= YOUR OBJECTIVE =
In the material below, pictures must be dropped. Repeat exactly, and only, the lines from the line with "La sandale Gianna" to the line with "Maľovanie podľa čísel", both ends included.

= SUPPLIED MATERIAL =
_____

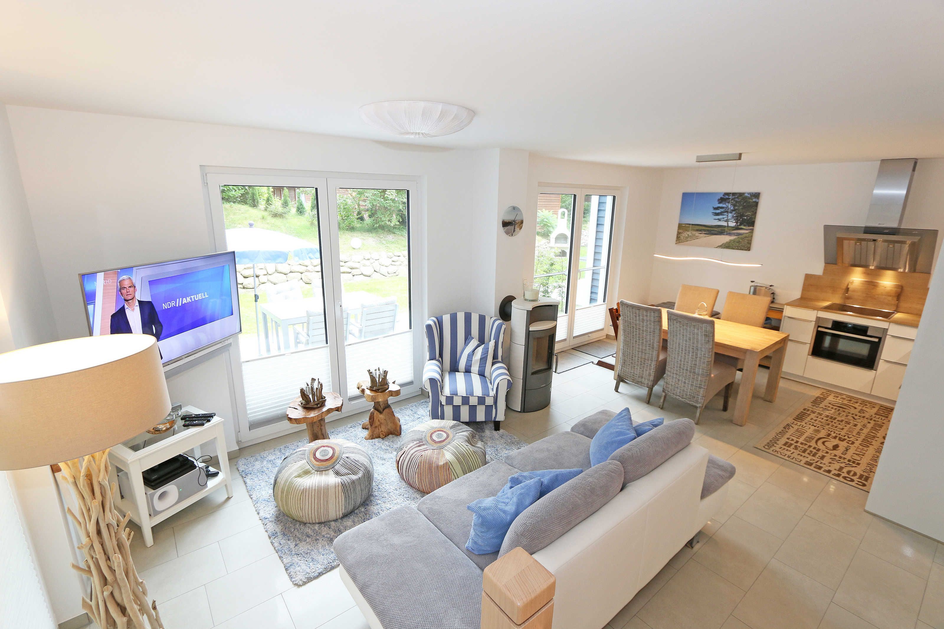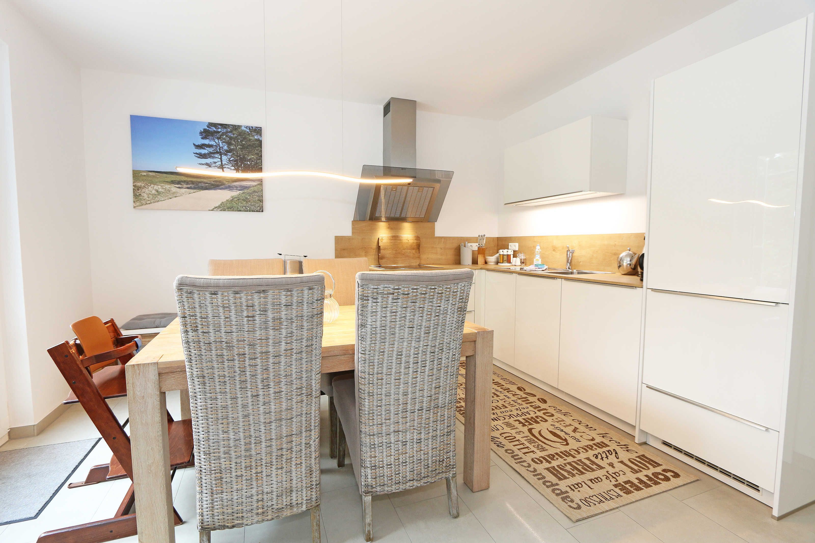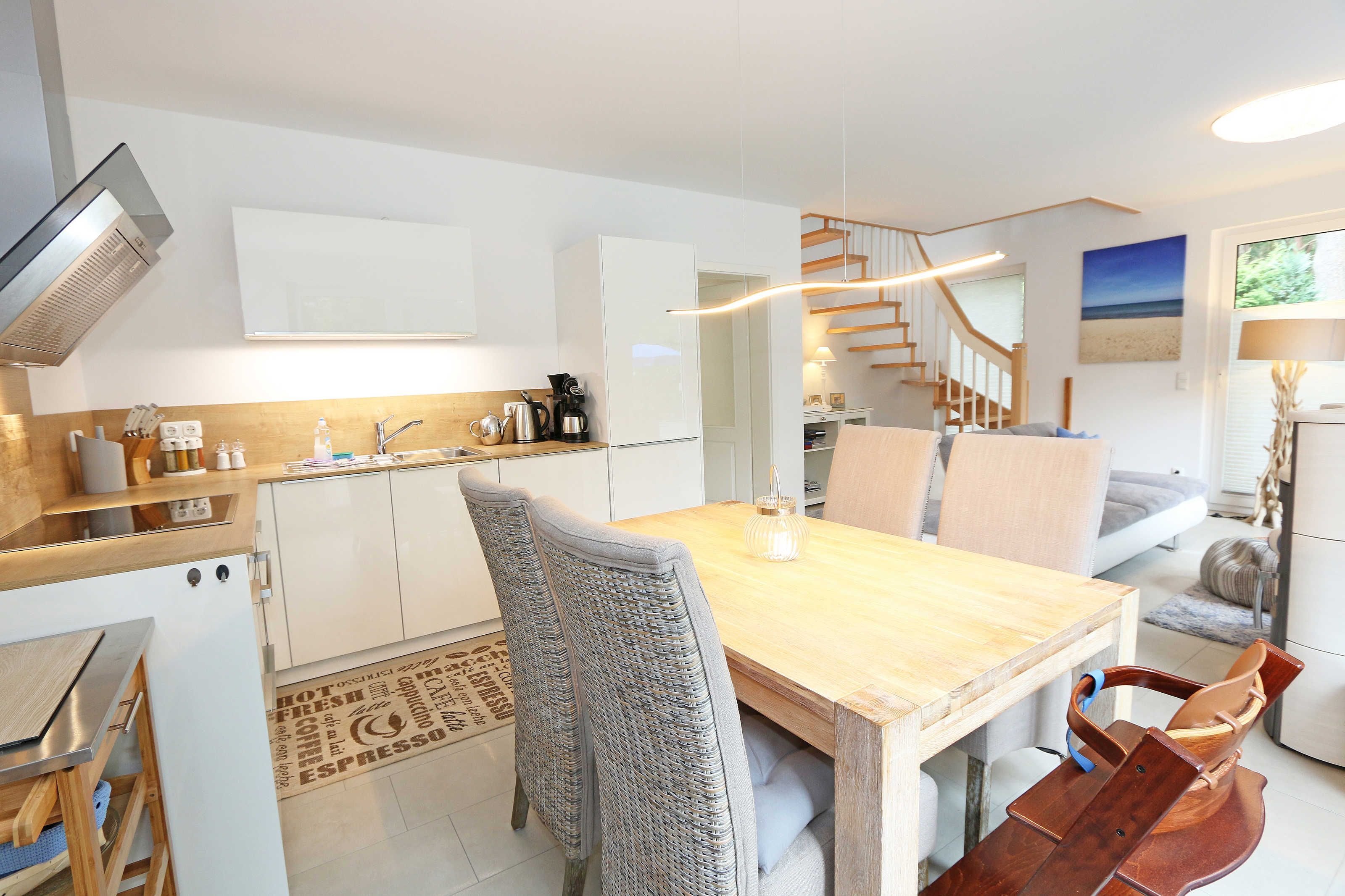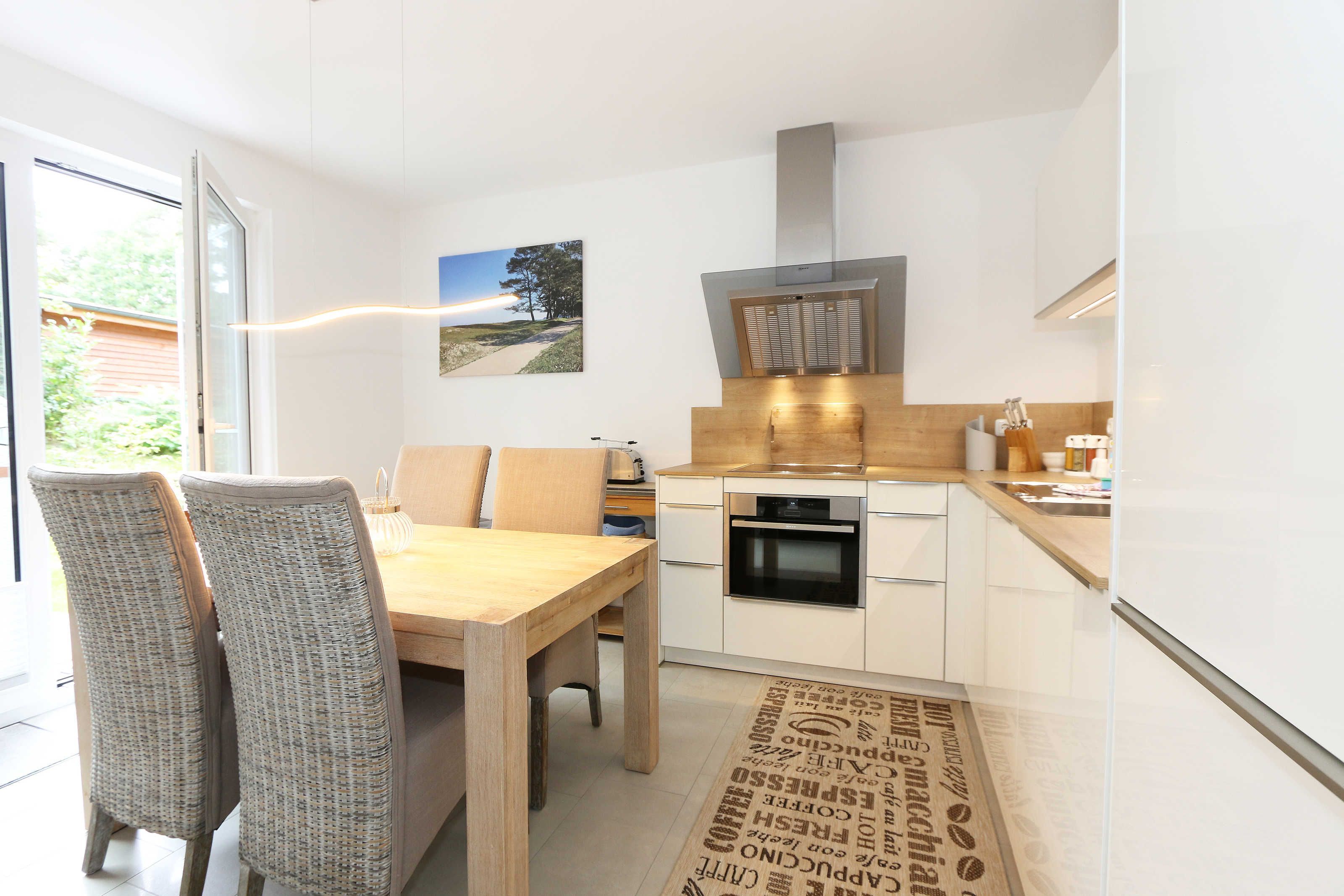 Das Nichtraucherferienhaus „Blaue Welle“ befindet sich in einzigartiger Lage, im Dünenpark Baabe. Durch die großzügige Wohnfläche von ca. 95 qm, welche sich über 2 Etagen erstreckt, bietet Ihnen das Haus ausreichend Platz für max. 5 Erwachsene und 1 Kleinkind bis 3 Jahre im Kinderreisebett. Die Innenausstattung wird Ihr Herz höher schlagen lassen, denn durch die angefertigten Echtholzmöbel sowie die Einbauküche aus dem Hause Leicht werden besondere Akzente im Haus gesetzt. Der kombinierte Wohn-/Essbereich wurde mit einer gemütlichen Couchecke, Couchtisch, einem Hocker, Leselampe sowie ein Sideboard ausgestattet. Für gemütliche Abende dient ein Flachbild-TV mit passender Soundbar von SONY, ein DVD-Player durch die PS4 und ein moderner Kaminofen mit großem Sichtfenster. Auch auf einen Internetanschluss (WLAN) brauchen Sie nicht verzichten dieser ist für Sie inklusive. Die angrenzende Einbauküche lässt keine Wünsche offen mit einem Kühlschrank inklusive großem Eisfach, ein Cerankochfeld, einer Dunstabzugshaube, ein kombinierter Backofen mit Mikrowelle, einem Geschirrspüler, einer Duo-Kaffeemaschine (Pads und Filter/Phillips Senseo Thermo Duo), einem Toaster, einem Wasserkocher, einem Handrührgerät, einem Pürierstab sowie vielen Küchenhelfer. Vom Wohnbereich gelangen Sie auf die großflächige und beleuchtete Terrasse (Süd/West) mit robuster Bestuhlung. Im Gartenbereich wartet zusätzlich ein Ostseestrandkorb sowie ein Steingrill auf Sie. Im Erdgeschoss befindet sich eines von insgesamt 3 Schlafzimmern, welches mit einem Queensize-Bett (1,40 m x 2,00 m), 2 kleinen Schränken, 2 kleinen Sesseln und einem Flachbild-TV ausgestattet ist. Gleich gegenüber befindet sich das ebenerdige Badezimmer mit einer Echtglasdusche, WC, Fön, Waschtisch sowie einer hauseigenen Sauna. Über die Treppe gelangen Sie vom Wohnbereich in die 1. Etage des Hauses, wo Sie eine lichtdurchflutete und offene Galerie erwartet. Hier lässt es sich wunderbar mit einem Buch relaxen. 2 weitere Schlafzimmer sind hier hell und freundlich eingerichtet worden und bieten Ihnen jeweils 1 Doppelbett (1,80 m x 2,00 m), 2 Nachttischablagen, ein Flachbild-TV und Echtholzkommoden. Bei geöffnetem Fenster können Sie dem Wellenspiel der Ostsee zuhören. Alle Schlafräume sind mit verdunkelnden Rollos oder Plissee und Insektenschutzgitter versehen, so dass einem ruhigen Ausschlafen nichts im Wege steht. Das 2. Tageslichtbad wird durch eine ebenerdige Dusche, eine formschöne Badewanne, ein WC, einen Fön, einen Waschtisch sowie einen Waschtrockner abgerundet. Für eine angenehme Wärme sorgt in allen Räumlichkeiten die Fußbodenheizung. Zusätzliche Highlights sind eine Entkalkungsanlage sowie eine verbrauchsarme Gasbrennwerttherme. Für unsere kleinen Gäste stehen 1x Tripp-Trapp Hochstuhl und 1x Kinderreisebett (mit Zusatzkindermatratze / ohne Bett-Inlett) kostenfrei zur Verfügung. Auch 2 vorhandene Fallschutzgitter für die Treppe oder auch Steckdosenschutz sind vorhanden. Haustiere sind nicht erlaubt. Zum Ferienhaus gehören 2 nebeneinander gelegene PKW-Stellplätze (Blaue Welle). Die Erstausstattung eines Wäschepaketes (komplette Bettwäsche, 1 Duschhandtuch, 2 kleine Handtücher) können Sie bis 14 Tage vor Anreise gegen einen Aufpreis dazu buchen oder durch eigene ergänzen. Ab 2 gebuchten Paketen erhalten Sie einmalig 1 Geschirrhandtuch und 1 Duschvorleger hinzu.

_____

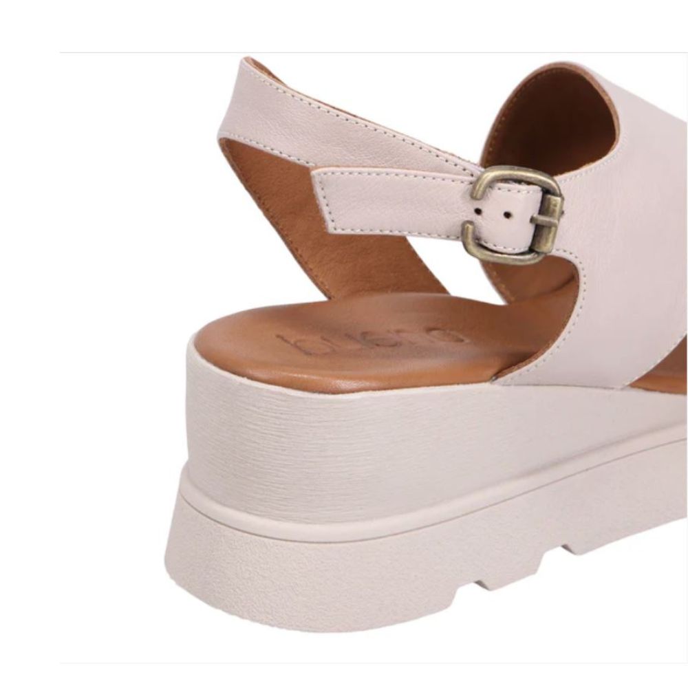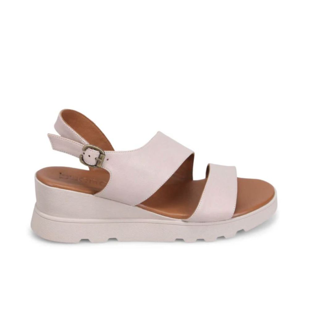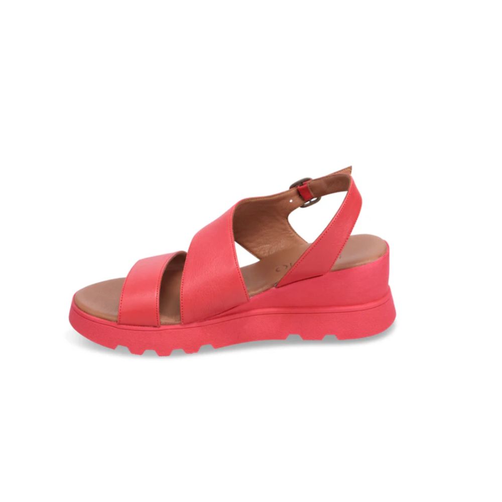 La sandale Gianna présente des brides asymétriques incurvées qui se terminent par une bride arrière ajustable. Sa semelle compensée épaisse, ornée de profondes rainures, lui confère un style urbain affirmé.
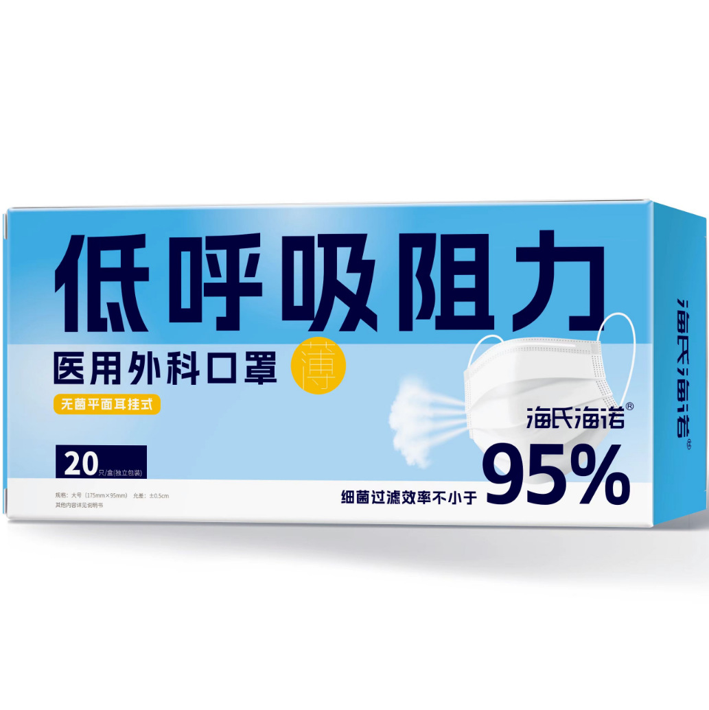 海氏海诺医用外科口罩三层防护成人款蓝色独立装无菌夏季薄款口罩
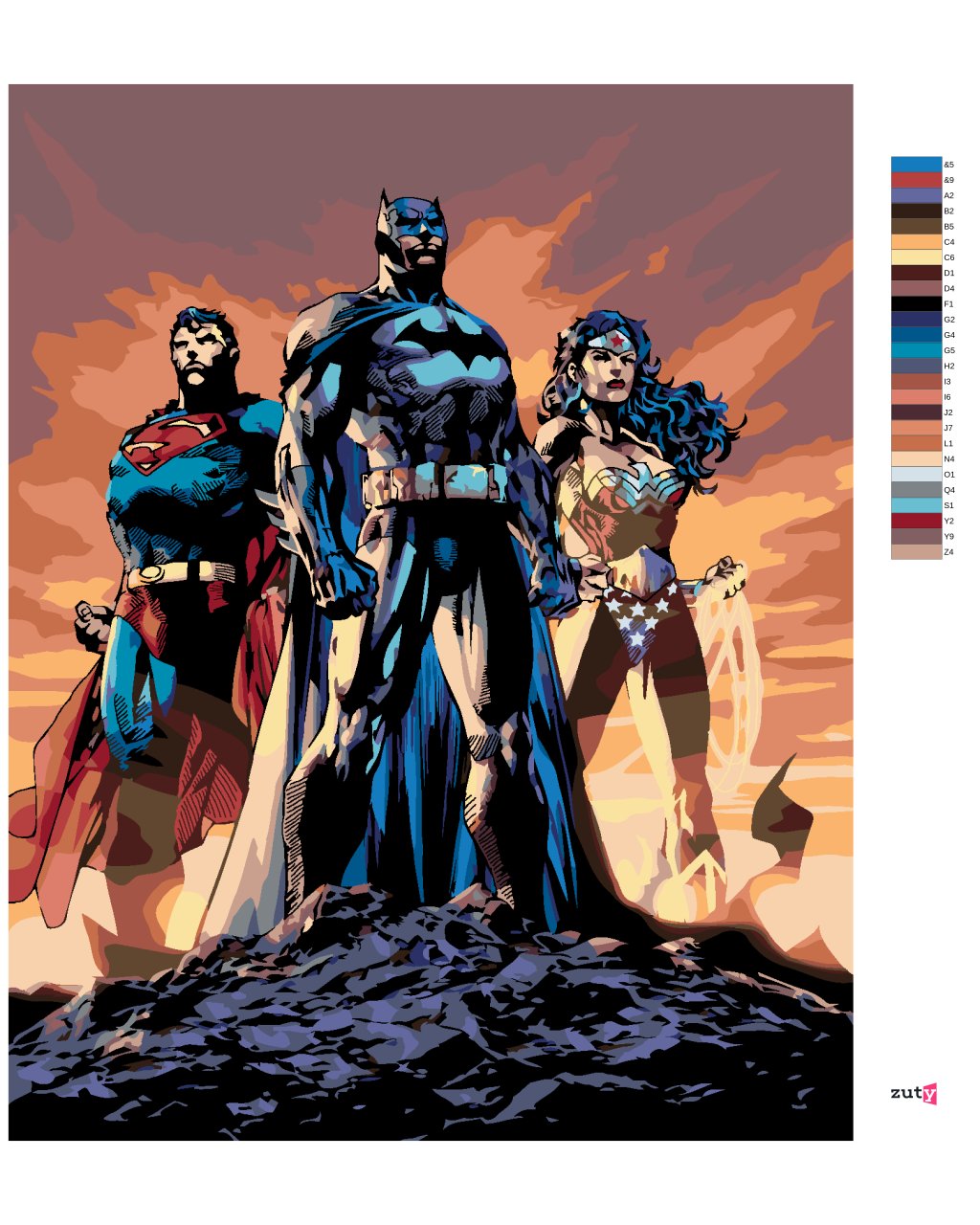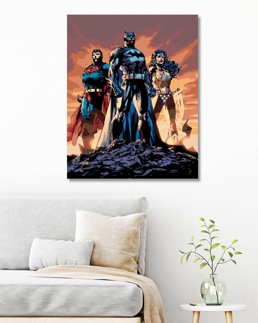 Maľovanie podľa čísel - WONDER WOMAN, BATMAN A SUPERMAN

_____

= RESPONSE TO THIS TASK =
 La sandale Gianna présente des brides asymétriques incurvées qui se terminent par une bride arrière ajustable. Sa semelle compensée épaisse, ornée de profondes rainures, lui confère un style urbain affirmé.
 海氏海诺医用外科口罩三层防护成人款蓝色独立装无菌夏季薄款口罩
 Maľovanie podľa čísel - WONDER WOMAN, BATMAN A SUPERMAN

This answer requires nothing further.